The Monsters of Our Imagination

When I was little, my grandmother used to tell me stories about the radio show Little Orphan Annie and about what she assured me was the older and more 'real' Orphan Annie who, she said, was from Scotland (like my grandfather).  I don't remember the stories themselves exactly but I do recall Nana's delight in telling them--they were about ghosts.

When I was a bit older, I designed and created a cross stitch sampler for my mother to hang over the guest room bed.  It displayed the Orphan Annie quotation that Nana had taught me during the days of story-telling:

From ghoulies and ghosties 
and long-leggitty beasties
and things that go BUMP in the night, 
Good Lord deliver us!

When I was older still and Nana long gone, I found a framed print at a flea market.with that same quotation.  I pondered long because $7 seemed a dear price but I just had to have it.  The artwork looks similar in nature to Arthur Rackham and the print appears to be hand-colored.  I suppose I could solve the mystery of the artist's name and what sort of print exactly it is but I've never cared to disturb the framing.
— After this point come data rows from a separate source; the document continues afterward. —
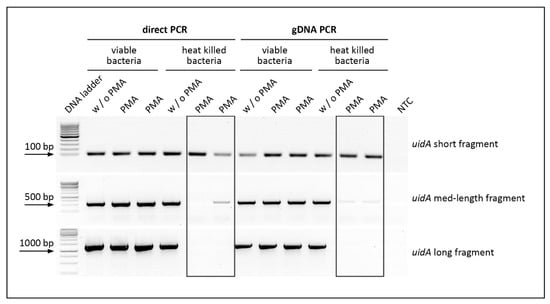 Impact of different fragment lengths on signal reduction of heat killed cells, displayed on an analytical agarose gel. Viable and heat killed E. coli cells were treated with or without (w/o) PMA. Direct PCR or classical PCR was performed using isolated gDNA as a template with three different primer pairs for three different target regions of the uidA gene (long 1370 bp, medium 556 bp, short 96 bp). Two independent PMA-treatments and PCR amplifications were performed for each condition. The No Template Control (NTC) includes all PCR reagents except for DNA.
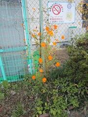 南鶴牧小学童クラブの前の遊歩道「そよかぜの道」にキバナコスモスが咲いています。
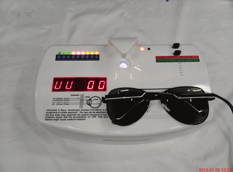 本廠太陽鏡均通過“UV-400”檢測,帶UV400的鏡片才能阻擋全部紫外線,100%地反射、吸收紫外線,而一般的太陽眼鏡只可將光度降低,不能阻擋紫外線。如果一副太陽鏡只能擋住強(qiáng)光而不能阻隔同等量的紫外光,對配戴者而言,將會接受比不戴太陽鏡更多的紫外光(戴上太陽鏡,會降低進(jìn)入人眼光通量,致使配戴者瞳孔增大反而使進(jìn)入的紫外線更多),進(jìn)一步加深了對眼睛的損害。
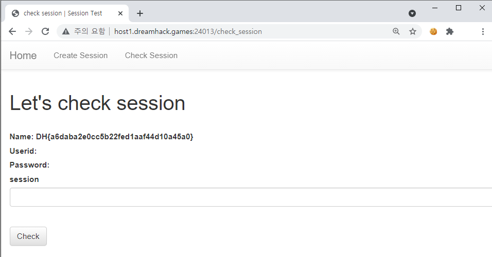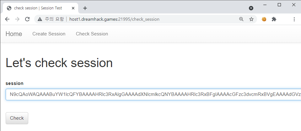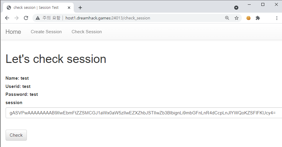 생성된 세션으로 Check Session 페이지에서 복호화를 해보자.

That print hung on the wall of my bedroom for several years before I ever noticed the secret in the picture.  It's a charm of sorts, I suppose, and maybe a promise of the surety of safety.  Perhaps some might see more quickly but it took me a long time to look deep and realize the truth:  
the monsters of our imagination are harmless.




Should I give you a clue?  Well, actually,  I already have.





Spoiler ahead:  I'm gonna tell the secret.  If you want to figure it out yourself, avert your eyes.

*
(The monsters are all harmless.  Now, say it with a Cockney accent:  The monsters are all 'armless.  Harmless.  None of the monsters in the pictures have proper arms--thus, the monsters are armless, harmless.)